Multi-language — the same API works for all supported languages. Forge’s symbol extractor code is language-agnostic; the grammar handles language specifics.

Supported languages (v1.4.0)

Language	AST parsing	Import edges	Export tracking	Symbol extraction	Pattern search
TypeScript	Yes	Yes	Yes	Functions, classes, interfaces, types	Yes
JavaScript	Yes	Yes	Yes	Functions, classes	Yes
Python	Yes	Yes	Yes (module-level)	Functions, classes	Yes
Rust	Yes	Yes (use declarations)	Yes (pub items)	Functions, structs, traits, enums	Yes
Go	Yes	Yes	Yes (exported identifiers)	Functions, structs, interfaces	Yes

All other languages are indexed for full-text search only. They appear in forge_search results but don’t contribute to the dependency graph.

What “import edges” means per language

The way imports work differs by language, so Forge handles each slightly differently:

TypeScript / JavaScript:

import { foo } from './utils';     // named import → edge to ./utils
import type { Bar } from './types'; // type-only import → same edge
export { baz } from './other';      // re-export → edge to ./other

All three produce edges. Dynamic import() calls are tracked if the path is a string literal.

Python:

from .utils import foo          # relative import → edge to utils module
import services.auth            # absolute import → edge to services/auth
from typing import Optional     # stdlib → no edge (not in repo)

Relative and project-internal imports produce edges. Standard library and third-party package imports (no local file found) are recorded but don’t create edges in the dependency graph.

Rust:

use crate::utils::foo;          // crate-internal → edge
use super::parent_mod;          // super → edge
use std::collections::HashMap;  // std → no edge
use tokio::runtime;             // external crate → no edge

crate:: and super:: imports produce edges. External crate dependencies are noted but don’t appear in the dependency graph.

Go:

import "myproject/internal/auth"  // project-internal → edge
import "github.com/user/pkg"      // external → no edge
import "fmt"                       // stdlib → no edge

Only imports that match files in the indexed repo produce edges.

SCIP: upgrading to compiler-resolved edges

tree-sitter parses the AST but doesn’t run the compiler. This means import edge resolution is heuristic — Forge maps import paths to files using naming conventions and tsconfig.json / pyproject.toml path maps where available.

For projects that need compiler-precise edges, Forge supports SCIP ingestion:

# Generate a SCIP index with your language toolchain
# (rust-analyzer, scip-python, scip-typescript, etc.)
# Then ingest it:
forge ingest-scip ./index.scip

After SCIP ingestion, the affected import edges are upgraded from heuristic to compiler-resolved.
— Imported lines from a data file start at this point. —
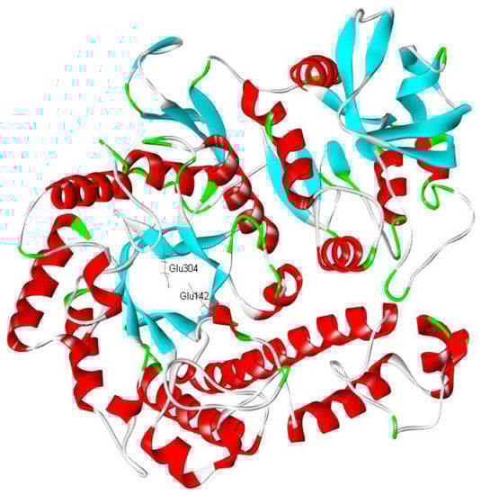 The crystal structure of β-galactosidase (PDB 3tts.1) from Bacillus circulans sp. alkalophilus was used as the template to simulate the lacZBa structure. Moreover, the ramachandran plots of the structure was also analyzed (Figure S1). The predicted 3D structure of lacZBa fit well with the typical (β/α)8 TIM barrel scaffold. Two conserved catalytic residues Glu142 and Glu304 were observed in the substrate binding pocket in the TIM barrel of lacZBa (Figure 3), which were similar to Glu141 and Glu312 of β-galactosidases from Thermotoga naphthophila RUK-10 [37] and T. thermophilus A4. β-galactosidase A4-β-Gal from T. thermophilus A4 is one of the thermostable members of GH-42, and it is the first GH-42 enzyme to have its crystal structure determined. A4-β-Gal possesses a (β/α)8 TIM barrel structure [17].
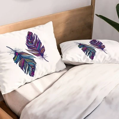 - Pair that construction with art that will knock your socks off and you’ve got the Stephanie Corfee Festival Feathers Standard Pillow Sham by Deny Designss.
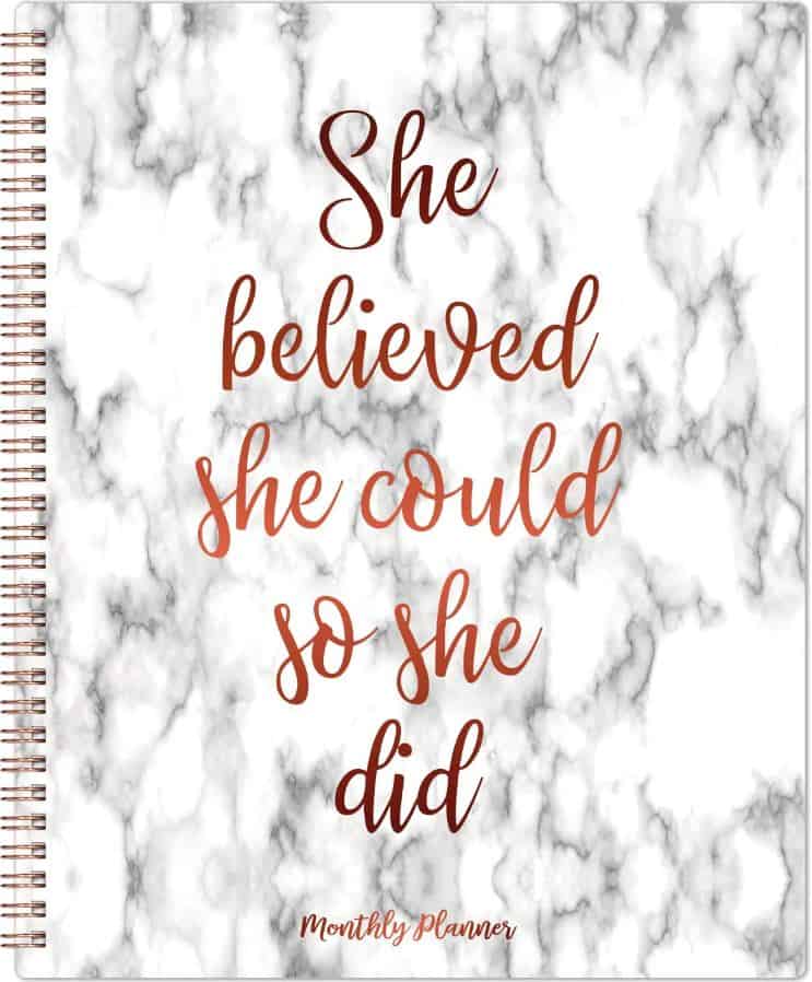 I love the quote She Believed She Could so She Did, so I love that this Monthly Planner has it on the cover as a daily reminder. There are 6 months reference calendars on monthly view pages for long term planning for your busy lifestyle.

This is especially valuable for TypeScript projects with complex path aliases or Python projects with namespace packages.

See How-To: Multi-language Repo for SCIP setup per language.

Limits and caveats

Alias resolution: TypeScript path aliases defined in tsconfig.json (@/components/* → src/components/*) are resolved when Forge finds the tsconfig.json at index time. Dynamic aliases (runtime module resolution tricks) cannot be resolved statically.

Dynamic imports: require() calls and import() expressions where the path is computed at runtime (e.g., require('./plugins/' + name)) are not tracked as edges.

Monorepos: Forge indexes one repo at a time. Cross-repo edges (one package importing from a sibling package in a monorepo) are tracked within the same index if all packages are under the indexed root. See How-To: Configure Monorepo.

Re-exports: export { foo } from './bar' correctly creates an edge to ./bar and marks foo as a re-export (not a dead export of ./bar’s foo).